US FDA delays traditional approval for Liquidia Corp's inhaled drug

(Reuters) -The U.S. Food and Drug Administration on Monday delayed traditional approval for Liquidia Corp's drug for types of lung disorders, and allowed only tentative clearances, sending its shares plummeting nearly 37% before the bell.

The company said it has to wait for the expiration of regulatory exclusivity to United Therapeutics (NASDAQ:UTHR )' Tyvaso DPI on May 23, 2025 before its drug can receive a final approval for pulmonary arterial hypertension (PAH) and pulmonary hypertension associated with interstitial lung disease (PH-ILD).

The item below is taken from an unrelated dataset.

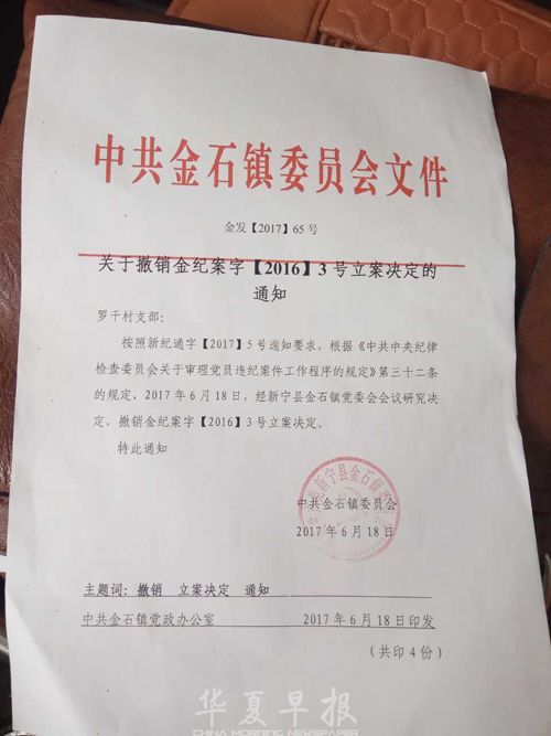 李芝玖对这份立案决定书表示不满,一直讨要说法。2017年6月18日,金石镇党委撤销了上述《立案决定书》。对于为何撤销之前的立案决定书,金石镇党委在撤销通知中并没有详述,仅称是按照新纪通字[2017]5号通知要求。

Liquidia said it will challenge the regulatory exclusivity to United's Tyvaso DPI, which encompasses chronic use of essentially any dry-powder formulation of treprostinil in both PAH and PH-ILD, granted in May 2022.

The health regulator's decision marks another setback to Liquidia's efforts to market its drug, yutrepia, which is also a dry powder formulation of treprostinil.

The drug was granted tentative approval in 2021 to treat PAH, but the company could not market it due to a regulatory stay related to a patent infringement dispute with United Therapeutics for Tyvaso.

Both Tyvaso DPI and yutrepia are delivered through a palm-sized device, making them more convenient than bulky nebulizers.



The FDA granted tentative approval yet again to yutrepia for PAH on Monday, as well as for PH-ILD, after the health regulator said it was still reviewing Liquidia's marketing application in January.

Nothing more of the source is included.